Thirtieth Saying: Stay Away from People Who Have No Respect for Authority
“My son, fear the Lord and the king,
and do not join with those who do otherwise,
for disaster will arise suddenly from them,
and who knows the ruin that will come from them both?”
A “purity spiral” is the unending quest to rid one’s political landscape of faulty leadership and flawed allies. Once you start spiraling, don’t expect to stop spiraling anytime soon.

There are plenty of New Testament instructions to Christians to obey the powers that be. Compliance with our civil authorities should be an obvious matter for followers of Christ. But Solomon is saying something more here, and that is this: insurrectionists carry in them the seeds of their own destruction. “Disaster will arise suddenly from them.” Their undoing comes from within.

God does not need to single out the rebel and bring him to heel, though he could. The rebel’s own nature makes it inevitable that he will crash and burn eventually.

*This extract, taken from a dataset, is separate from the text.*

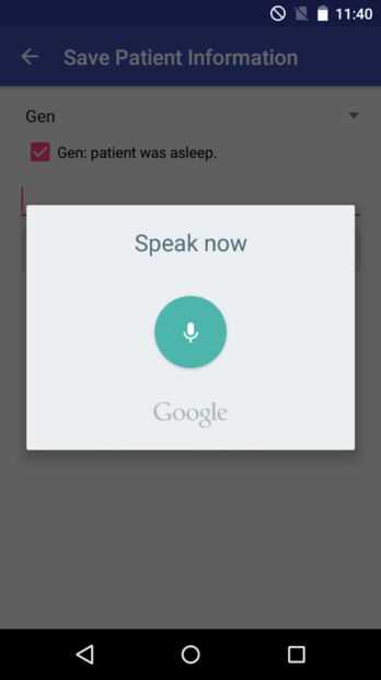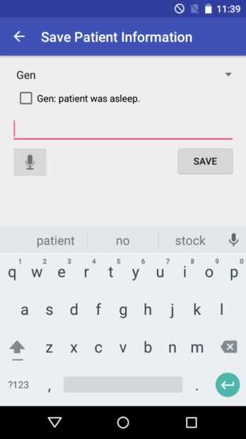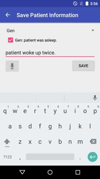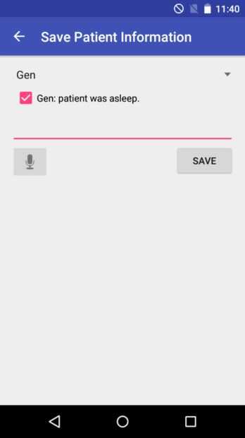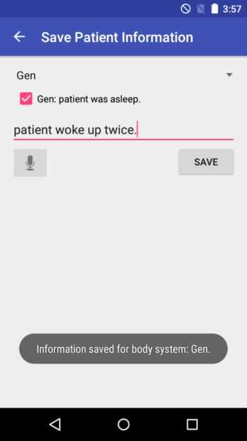Para guardar la información para el paciente, el usuario selecciona el botón de guardar la información en el menú principal. A continuación, el usuario puede elegir un sistema para el que se guardará la información. Después de seleccionar el sistema del cuerpo, la aplicación mostrará las respuestas valores predefinidas por el sistema elegido. El usuario puede elegir entonces uno o múltiples respuestas comunes de la lista. Si quieren información más detallada de la entrada, pueden elegir entrada de voz haciendo clic en el botón de micrófono o escribiendo texto en el campo de texto. Si el usuario elige el reconocimiento de voz, la entrada capturada se mostrará al usuario y tener la oportunidad de editarlo. Después de que el usuario está satisfecho con la entrada, hacen click en guardar y se guardará la información en la base de datos. Si la información se ha guardado con éxito, el sistema notificará al usuario. El usuario sólo podrá agregar información sobre un sistema en un momento. Si ninguna entrada es proporcionada por el usuario, pero se hace clic en guardar el sistema le informará al usuario para introducir información sobre el paciente.

Think of it like this: You are having an affair with a married man. Having kicked his wife and children to the curb, he tells you that you are his one and only, he will never leave you, and that he will love you forever. Do you believe him? Are you kidding? Of course not. The man who refuses to subject himself to one set of vows cannot and will not be bound to another.

Likewise, a man who cannot subject himself to an existing set of authorities will not be the sort of man to run the new Utopia once he has burned the old order to the ground. It’s not in him to do so. Once he begins to “purity spiral”, he will wage war on every attempt to lead him, modify him or limit his choices in any way.

Apart from the reign of Jesus Christ himself on millennial earth, every possible form of leadership is fatally flawed. The man who takes it upon himself to contend with rulers because they do not meet his exacting personal standards is doomed to unending misery and perpetual rebellion.

We are best to let him go to it without our assistance.